Per l'esame di queste frazioni uso delle lenti X 2 inforcabili come un paio d'occhiali, per raccogliere le conchiglie uso un paio di pinzette morbide.

La frazione minore , che esaminerò al microscopio... la divido grosso modo adi 5 ai 2 mm, dai 2 ai 0,5 mm ... poi vario asseconda il colore e la dimensione media delle specie presenti.
Sotto il mezzo millimetro, dò un'occhiata a qualche campione ... se ne vale la pena, continuo, altrimenti lo lascio!

Per la raccolta delle micro, uso un penellno bagnato nell'acqua.
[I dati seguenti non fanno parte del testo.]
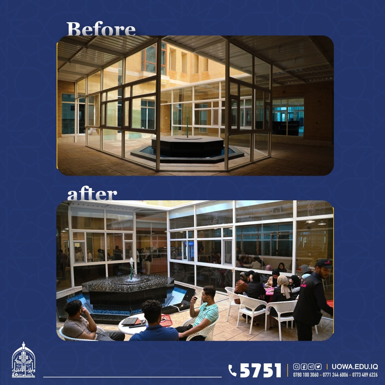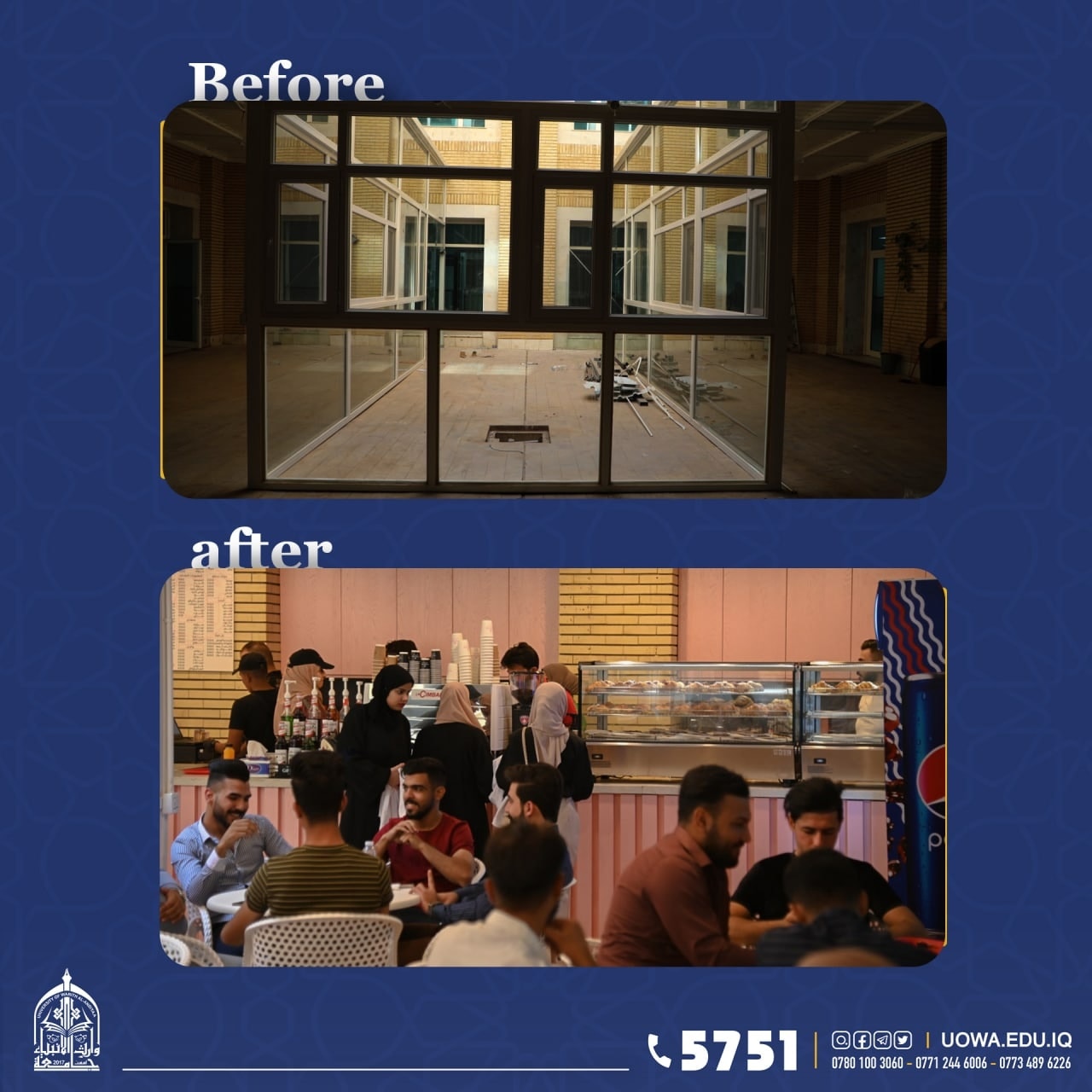 بالصور... سلسلة النوادي الطلابية الحديثة التي افتتحت في جامعة وارث الانبياء(عليه السلام)، حيث تولي رئاسة الجامعة اهتماماً بالغاً لافتتاح سلسلة نوادي اخرى مع بداية العام الدراسي الجديد.
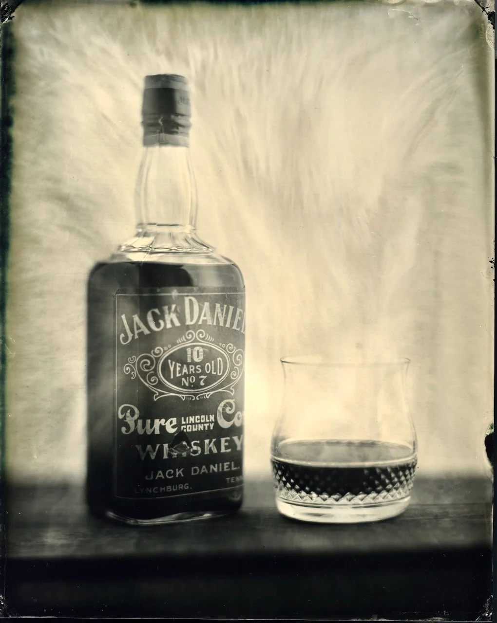 The subject of the shoot was not just any bottle. It was an original archival Jack Daniel’s Ten Year Old, unopened and possibly one-of-a-kind. Because of its historical value, I handled it with extreme care. Using the wet plate collodion process, I created a series of tintypes, each one a direct positive on metal.

Del materiale raccolto faccio già da subito una prima divisione sistematica per ridurre i tempi in seguito.... la divisione è del tutto legata agli interessi personali ... infatti , oltre che per le dimensioni separo subito gli esemplari di quelle famiglie che più mi intrigano in quel momento.

Sotto il microcopio uso una vaschetta a bordi rialzati e nella quale , sul fondo, ho realizzato una quadrettatura in rilievo ( punzonatura dei vertici dei quadrati )di dimensioni idonee agli ingrandimente normalmete usati, che mi facilita la visione e controllo del campione.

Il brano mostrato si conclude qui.